--- Source data ---
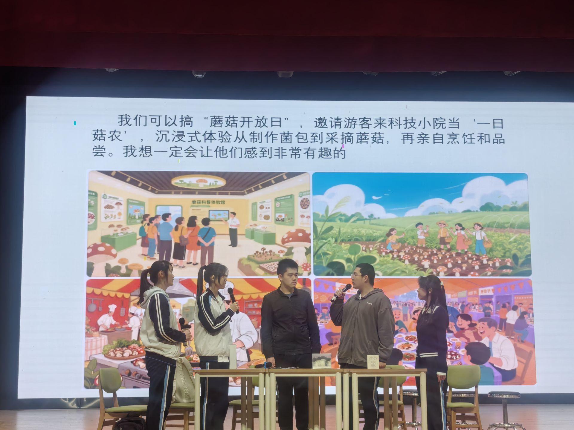 永乐店中学高中部学生则围绕产品营销绞尽脑汁,用创意让蘑菇更“值钱”。美味的榆黄酱是“下饭神器”,“都市微农场”蘑菇种植礼盒让每个家庭都能参与种植,一款名为“运河菇影”的蘑菇包装礼盒写满运河故事……除了丰富多样的产品,学生们还设计了“蘑菇开放日”主题活动、创编了“蘑菇奇幻之旅”主题动画片,为家乡打造绿色、科技、文化发展名片。
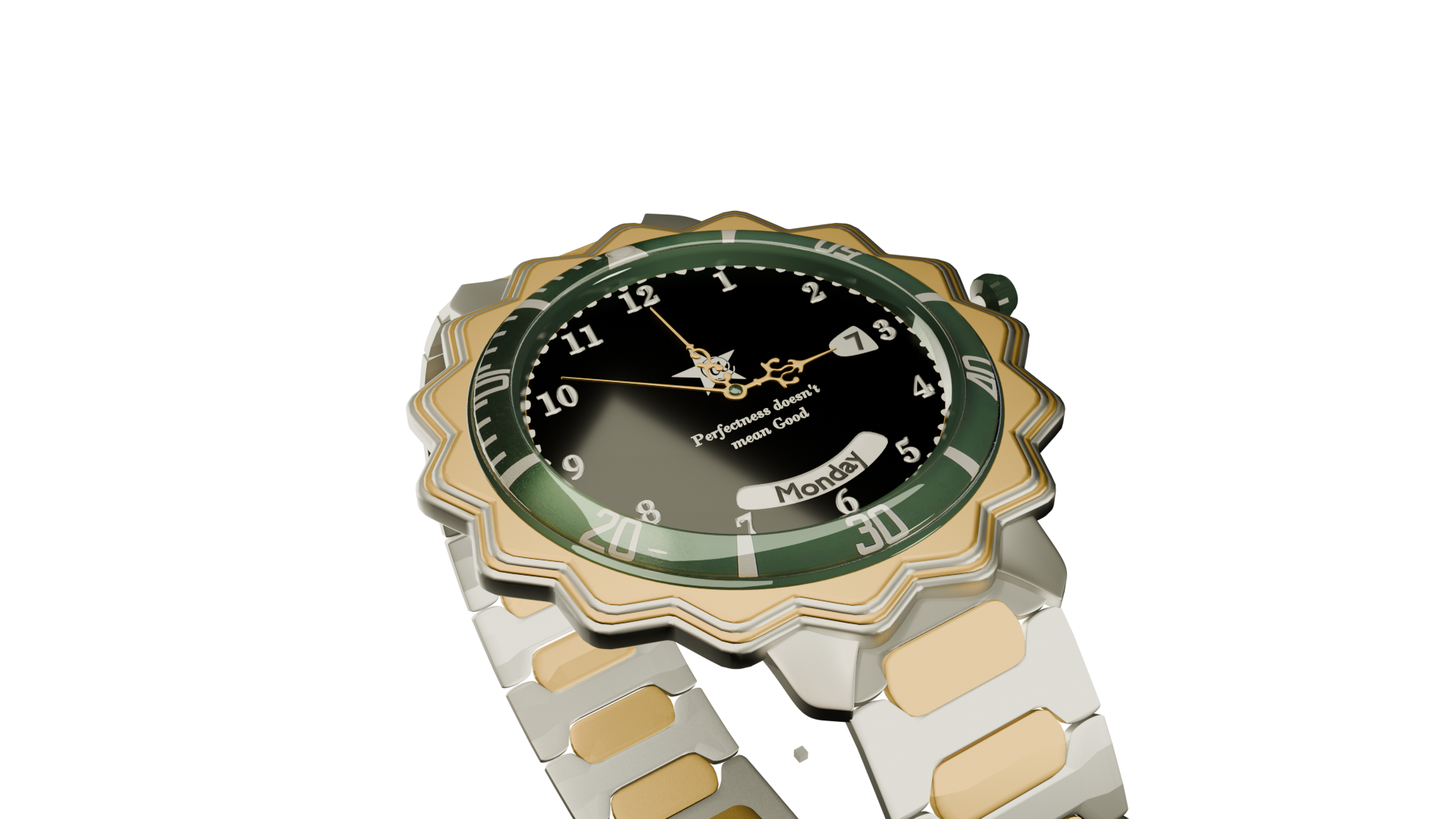 Day-Date: Saat 6 yönünde haftanın gününü gösteren geniş kavisli pencere.
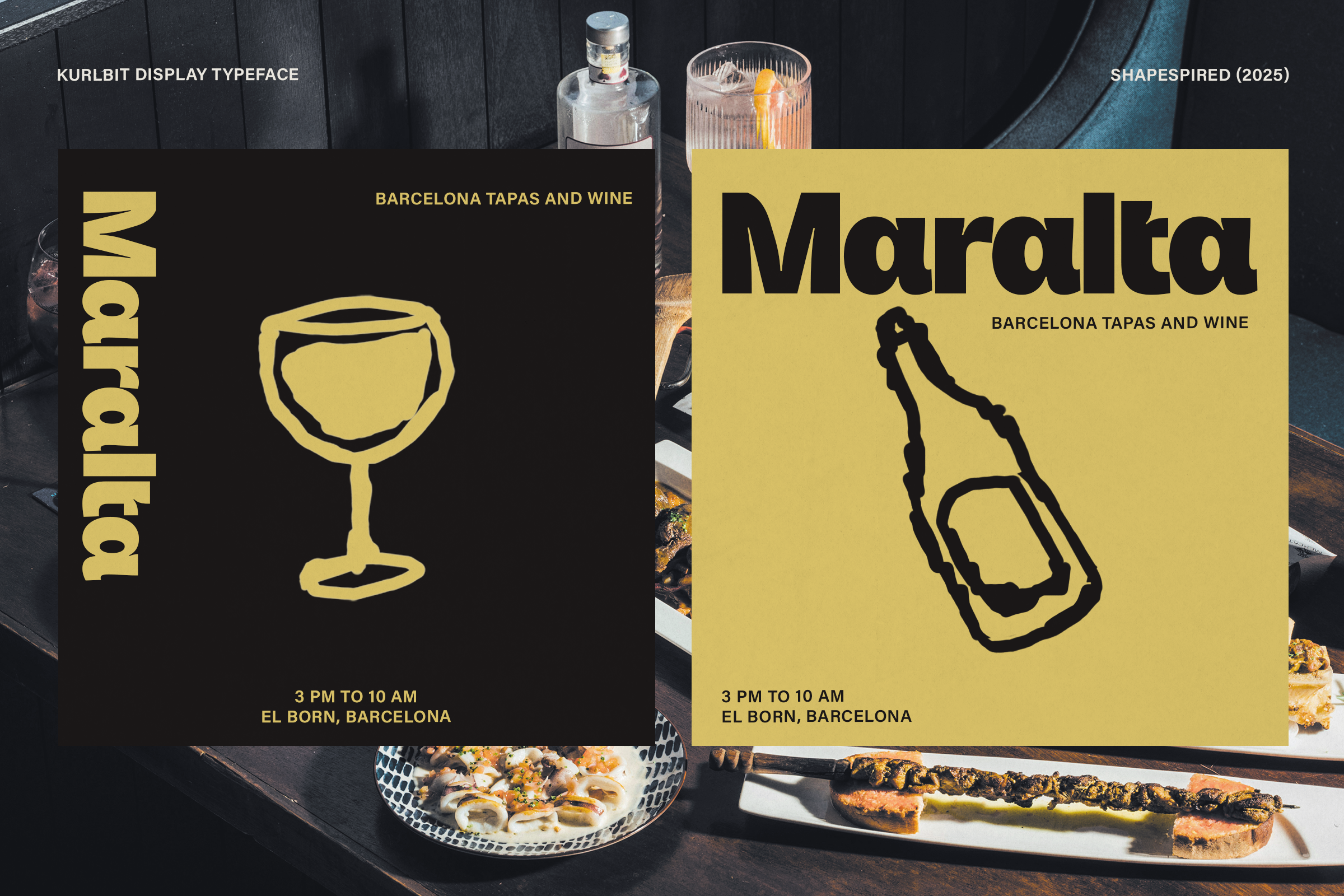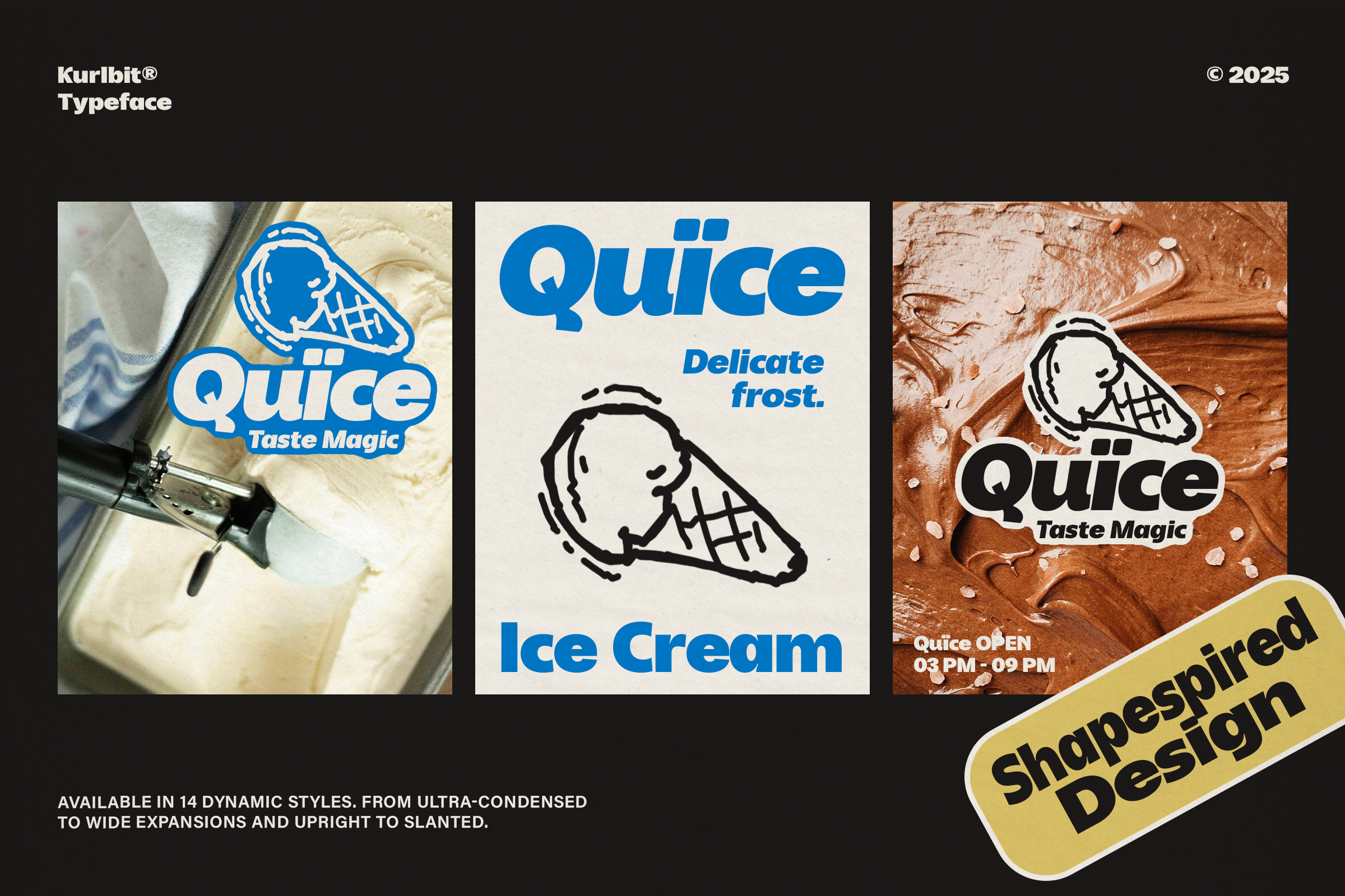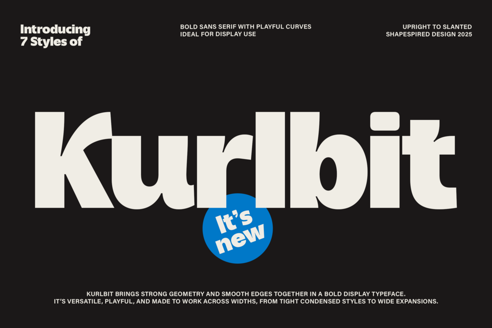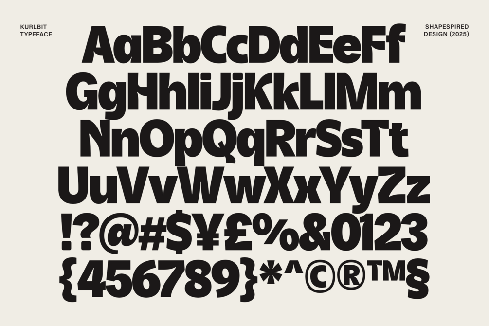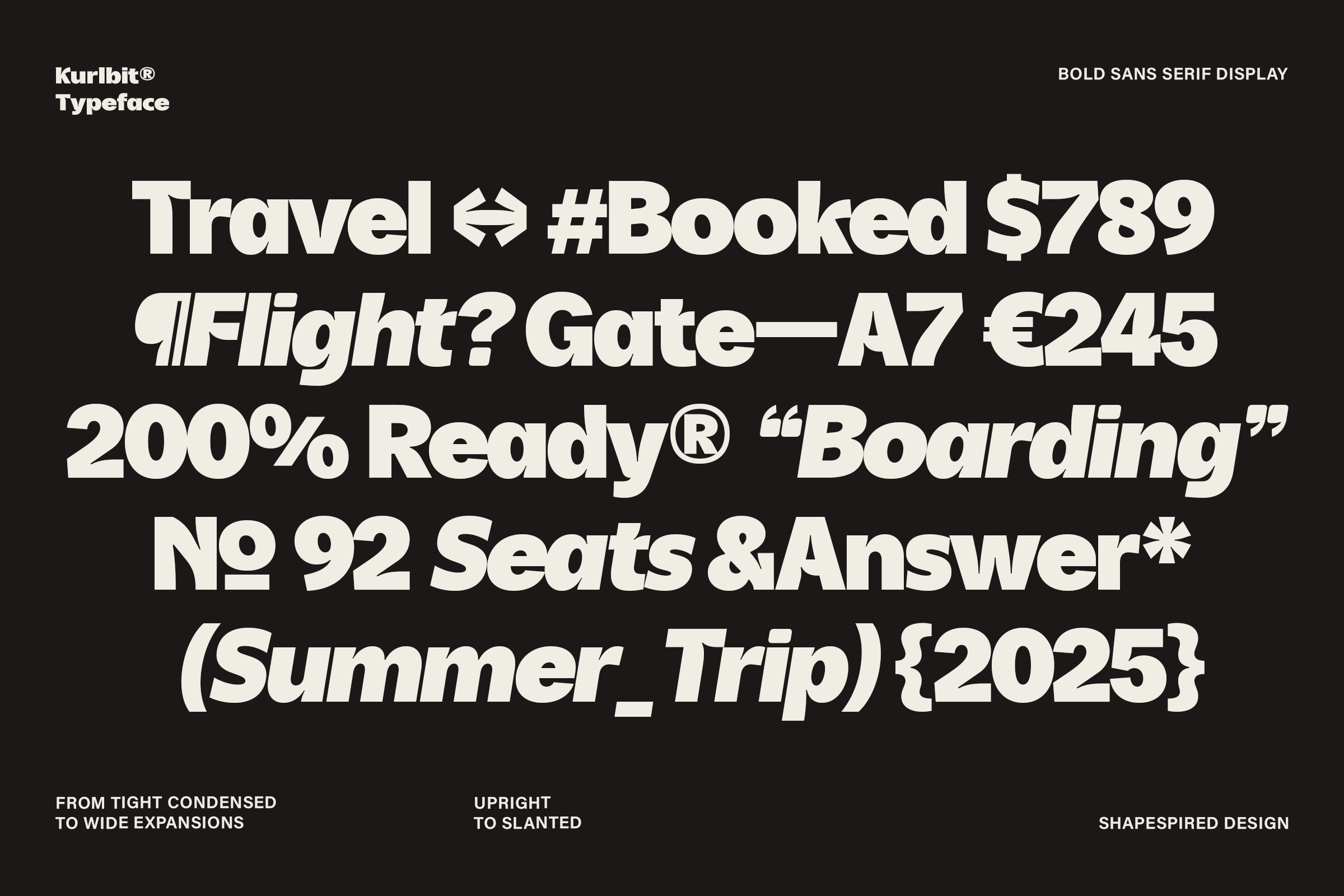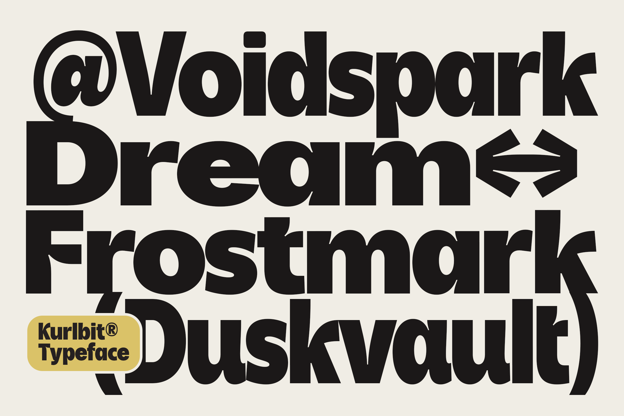 Kurlbit is a versatile sans serif display typeface built for impact. Spanning 14 styles in multiple widths and slants, it adapts to projects that demand strong hierarchy and flexibility. From tight condensed headlines to expansive wide layouts, Kurlbit delivers clarity, consistency, and a touch of personality. Its geometric foundation ensures strength and balance, while subtle curves add a sense of warmth and approachability. Designed for posters, branding, packaging, and digital media, Kurlbit offers a complete system that gives designers the freedom to create bold statements with confidence and precision.
---
▶ What you are asked to do:
An exact copy of the listing is required; return it without any pictures.

▶ Exercise answer:
 永乐店中学高中部学生则围绕产品营销绞尽脑汁,用创意让蘑菇更“值钱”。美味的榆黄酱是“下饭神器”,“都市微农场”蘑菇种植礼盒让每个家庭都能参与种植,一款名为“运河菇影”的蘑菇包装礼盒写满运河故事……除了丰富多样的产品,学生们还设计了“蘑菇开放日”主题活动、创编了“蘑菇奇幻之旅”主题动画片,为家乡打造绿色、科技、文化发展名片。
 Day-Date: Saat 6 yönünde haftanın gününü gösteren geniş kavisli pencere.
 Kurlbit is a versatile sans serif display typeface built for impact. Spanning 14 styles in multiple widths and slants, it adapts to projects that demand strong hierarchy and flexibility. From tight condensed headlines to expansive wide layouts, Kurlbit delivers clarity, consistency, and a touch of personality. Its geometric foundation ensures strength and balance, while subtle curves add a sense of warmth and approachability. Designed for posters, branding, packaging, and digital media, Kurlbit offers a complete system that gives designers the freedom to create bold statements with confidence and precision.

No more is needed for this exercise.